> Activity: Exact reproduction is required for the lines below starting at the line with "Enchant everyone by" and ending at the line with "За допомогою літератури, яка", both included. No other lines, and no pictures.

> Given records:

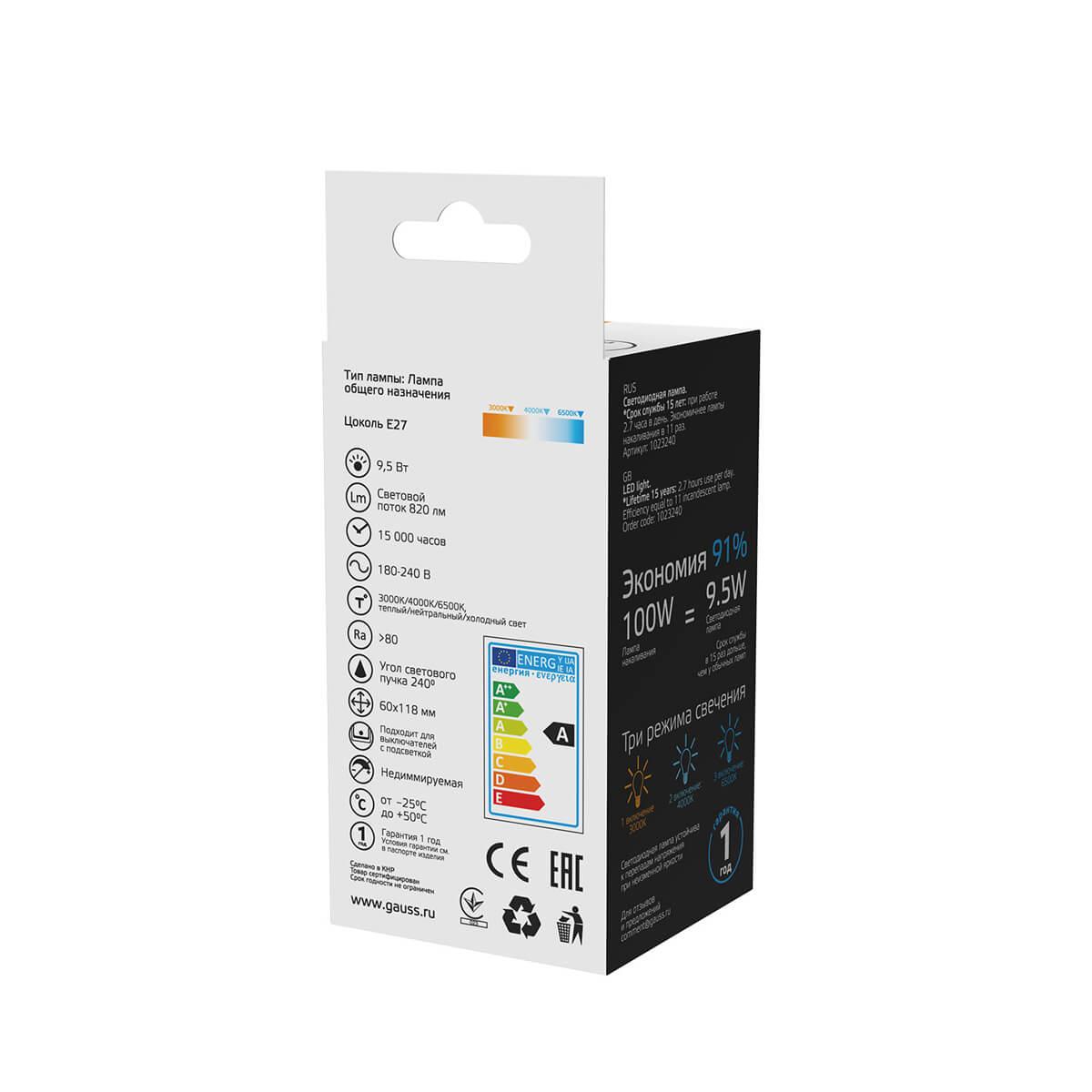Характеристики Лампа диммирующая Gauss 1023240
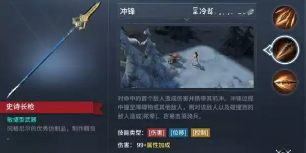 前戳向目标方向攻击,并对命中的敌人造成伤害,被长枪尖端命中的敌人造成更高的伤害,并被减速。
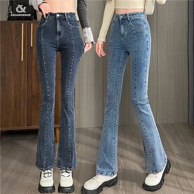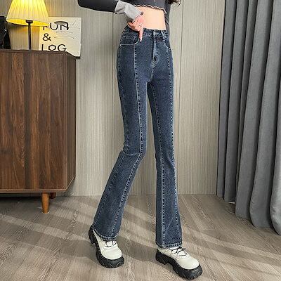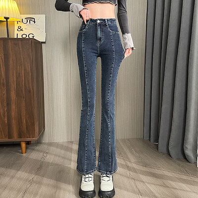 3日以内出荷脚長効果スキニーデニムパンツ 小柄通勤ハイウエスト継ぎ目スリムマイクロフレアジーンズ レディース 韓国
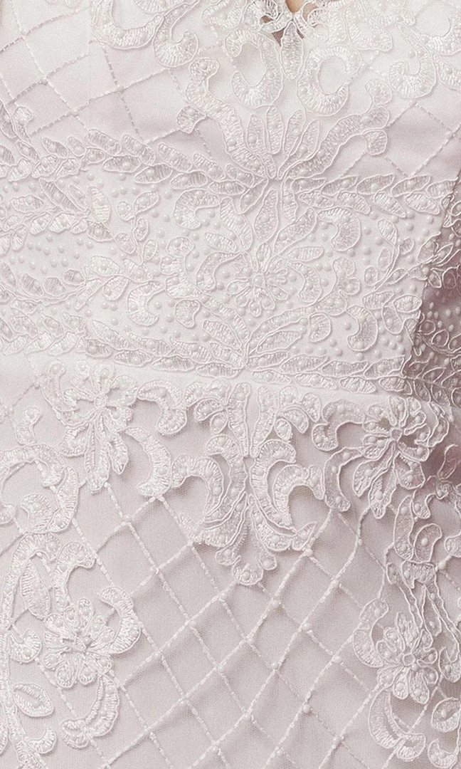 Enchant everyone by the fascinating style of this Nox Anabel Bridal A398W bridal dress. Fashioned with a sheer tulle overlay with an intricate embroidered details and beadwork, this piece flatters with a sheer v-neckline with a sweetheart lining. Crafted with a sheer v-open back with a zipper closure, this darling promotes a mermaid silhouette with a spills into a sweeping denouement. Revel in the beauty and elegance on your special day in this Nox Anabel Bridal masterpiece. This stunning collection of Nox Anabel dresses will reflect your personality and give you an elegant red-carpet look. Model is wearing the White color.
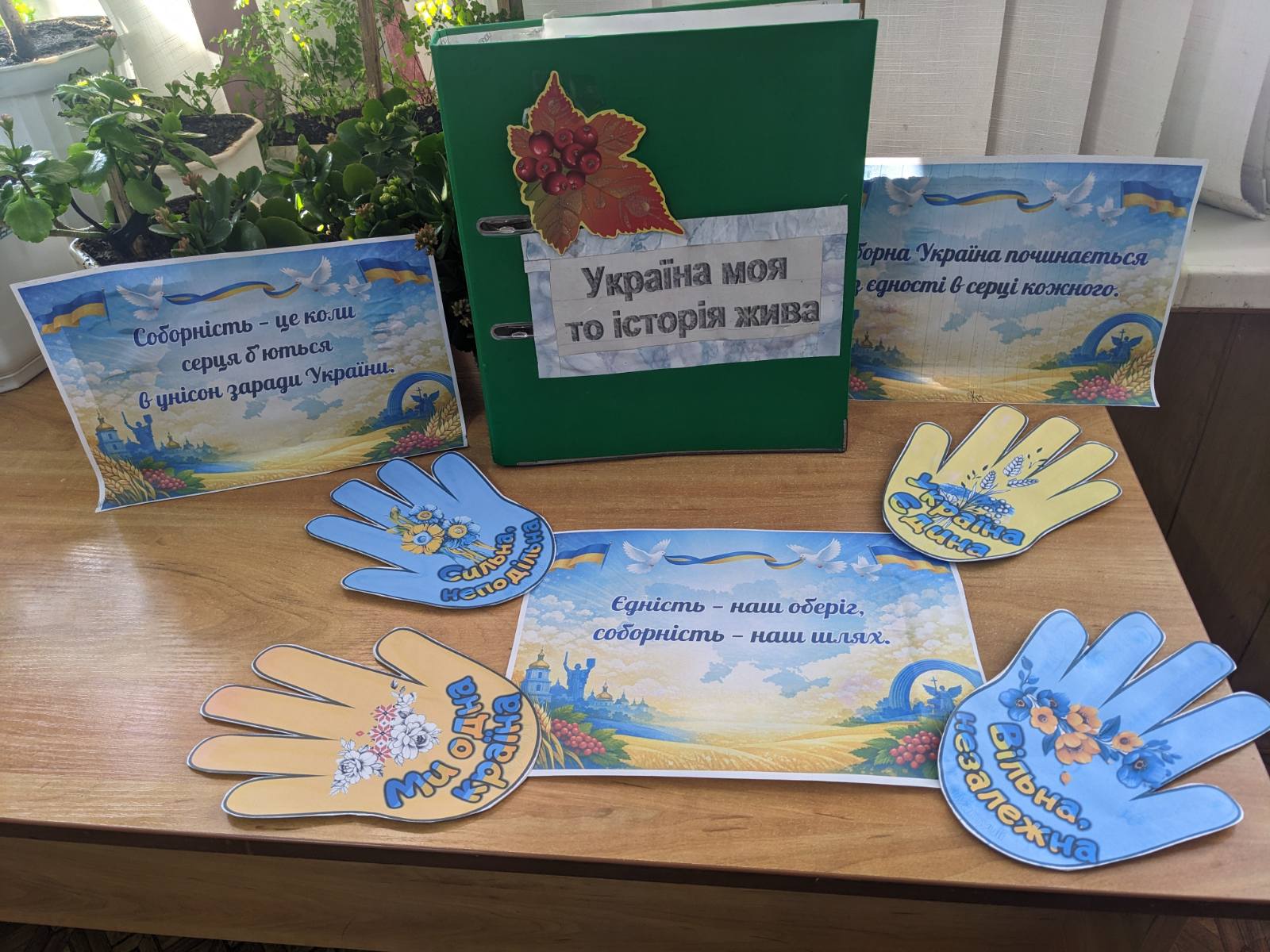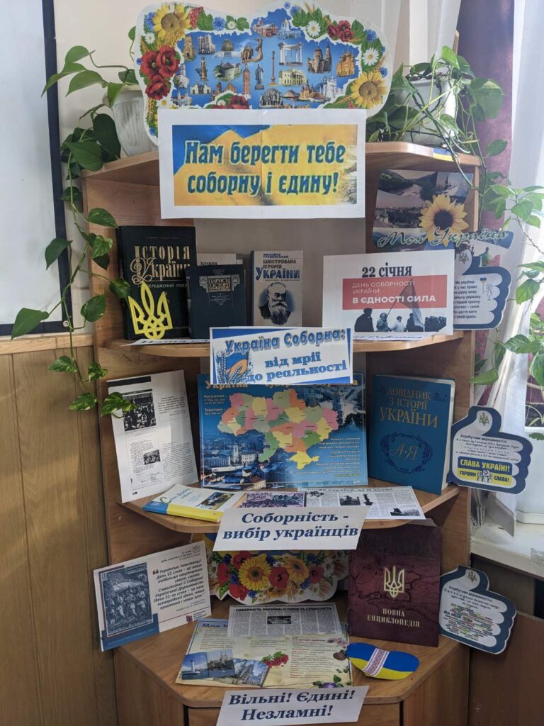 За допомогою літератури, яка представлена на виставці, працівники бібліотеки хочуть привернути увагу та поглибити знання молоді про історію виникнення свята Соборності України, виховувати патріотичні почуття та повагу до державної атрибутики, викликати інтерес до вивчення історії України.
---
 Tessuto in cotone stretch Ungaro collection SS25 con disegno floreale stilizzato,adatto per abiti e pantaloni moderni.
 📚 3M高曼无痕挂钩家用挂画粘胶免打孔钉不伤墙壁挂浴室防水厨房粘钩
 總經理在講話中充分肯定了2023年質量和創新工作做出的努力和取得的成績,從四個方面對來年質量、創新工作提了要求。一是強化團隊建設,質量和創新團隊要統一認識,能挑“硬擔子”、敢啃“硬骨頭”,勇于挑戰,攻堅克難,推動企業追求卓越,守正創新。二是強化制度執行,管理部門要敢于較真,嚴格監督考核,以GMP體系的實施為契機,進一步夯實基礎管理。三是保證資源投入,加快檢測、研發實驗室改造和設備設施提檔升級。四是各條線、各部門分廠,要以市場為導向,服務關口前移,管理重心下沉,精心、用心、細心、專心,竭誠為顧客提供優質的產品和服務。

> Written response:
 Enchant everyone by the fascinating style of this Nox Anabel Bridal A398W bridal dress. Fashioned with a sheer tulle overlay with an intricate embroidered details and beadwork, this piece flatters with a sheer v-neckline with a sweetheart lining. Crafted with a sheer v-open back with a zipper closure, this darling promotes a mermaid silhouette with a spills into a sweeping denouement. Revel in the beauty and elegance on your special day in this Nox Anabel Bridal masterpiece. This stunning collection of Nox Anabel dresses will reflect your personality and give you an elegant red-carpet look. Model is wearing the White color.
 За допомогою літератури, яка представлена на виставці, працівники бібліотеки хочуть привернути увагу та поглибити знання молоді про історію виникнення свята Соборності України, виховувати патріотичні почуття та повагу до державної атрибутики, викликати інтерес до вивчення історії України.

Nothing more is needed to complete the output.